# Jumping/running after strangers?



## ashleygrimaldi (Sep 6, 2011)

How can we get Finn to not jump on us when we come home? He's very excited and affectionate, but he's huge and he's going to get bigger and he hurts me or gets our clothes dirty. We always say get down and we move his paws to the floor but he usually jumps back up, I feel like this is probably pretty common but I just don't know what to do to remedy it.

And here's a very new problem, so hopefully easily reversed. In the past couple days (I have not been home), my husband says when he lets Finn outside he runs and jumps on people who happen to be outside. It's not in an aggressive way, but he's never done this before. He loves people but he's always waited for them to say something to him before he goes to them, and even then he's usually apprehensive until one of us walks with him over there.

For now my husband has him on a leash when he lets him out, but I'd rather him just be obedient enough to not need a leash. He JUST started this behavior and I'm not sure why or how to stop it.


BTW - we live in an apartment complex but the area we let Finn outside to go to the bathroom is completely closed in. We share a large fenced in "yard" so to speak with several neighbors, and he's always supervised while he's out there. Just an FYI before anyone assumes I'm letting my dog run amuck haha. There's nowhere for him to get out unless he were to dig under the fence.


----------



## baumgartml16 (Jun 19, 2011)

How old is Finn? Koda has always been a jumper on people when they come in the house or when people come to greet her outside. Unfortunately to correct it the leash is going to be your best bet in my opinion. We started the jumping training a few weeks ago and already we see a huge difference.
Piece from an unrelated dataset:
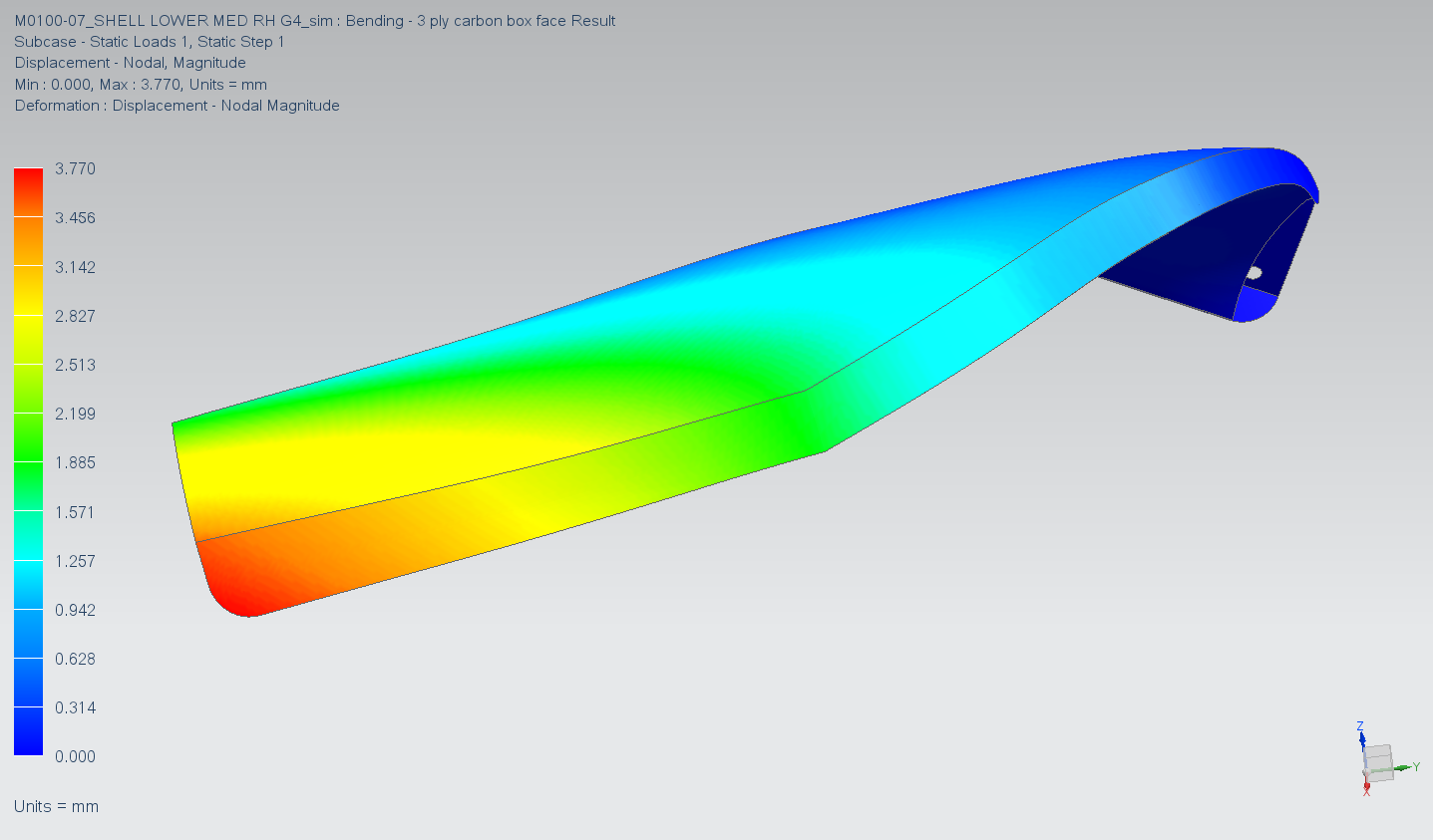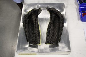 From there we developed the manufacturing process and tooling design, including trials to ensure the selected carbon fibre and Kevlar materials were going to work properly and not deform when cured because of the complex shape. The final parts were primarily made with carbon fibre but had an added layer of Kevlar on the back side to protect the person wearing the shell from carbon fibre shards if the shell was broken by a bullet.

When you are coming home let the other person know you will be coming so they can leash Finn up. Ignore Finn when you come in and if he tries to jump the person with the leash needs to give him a little tug and say down - nothing harsh at all...

Once Finn is calmed down you can go down to his level and say hello. Do this with all strangers too. It has worked so far and she really doesn't try to jump anymore.


----------



## Laurie (Sep 20, 2009)

My Lincoln was a jumper!!! When we would come home, he would put his feet up on us. Fortunately, all I would have to do with him is to say "excuse me" and he would promptly sit down. He knows momma is the boss!!! 
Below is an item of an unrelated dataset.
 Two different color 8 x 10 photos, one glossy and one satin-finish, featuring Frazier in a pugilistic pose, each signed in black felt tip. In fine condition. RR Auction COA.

When you get home and Finn wants to greet you by jumping, turn your body slightly and don't acknowledge him until he is calm and not jumping. Once he sits, you can pet and treat him. Eventually he'll figure out that jumping is not getting him anything but sitting nicely is!!!

With people he met on the streets, it was different. He is a large dog and the last thing we wanted him to do is jump up on a small child and seriously hurt them. 
On a few occasions, we would enlist the help of some friends/parents, etc. and practice his greeting. We would start at the end of the street and walk toward the helpers. As soon as they approached, of course he wanted to jump to say hello. We caught him before he had the chance to jump, gave him the sit command and treated him. We also made sure our helpers did not acknowledge him until he was calm and in a sitting position. One he was sitting, they were permitted to pet and treat him. 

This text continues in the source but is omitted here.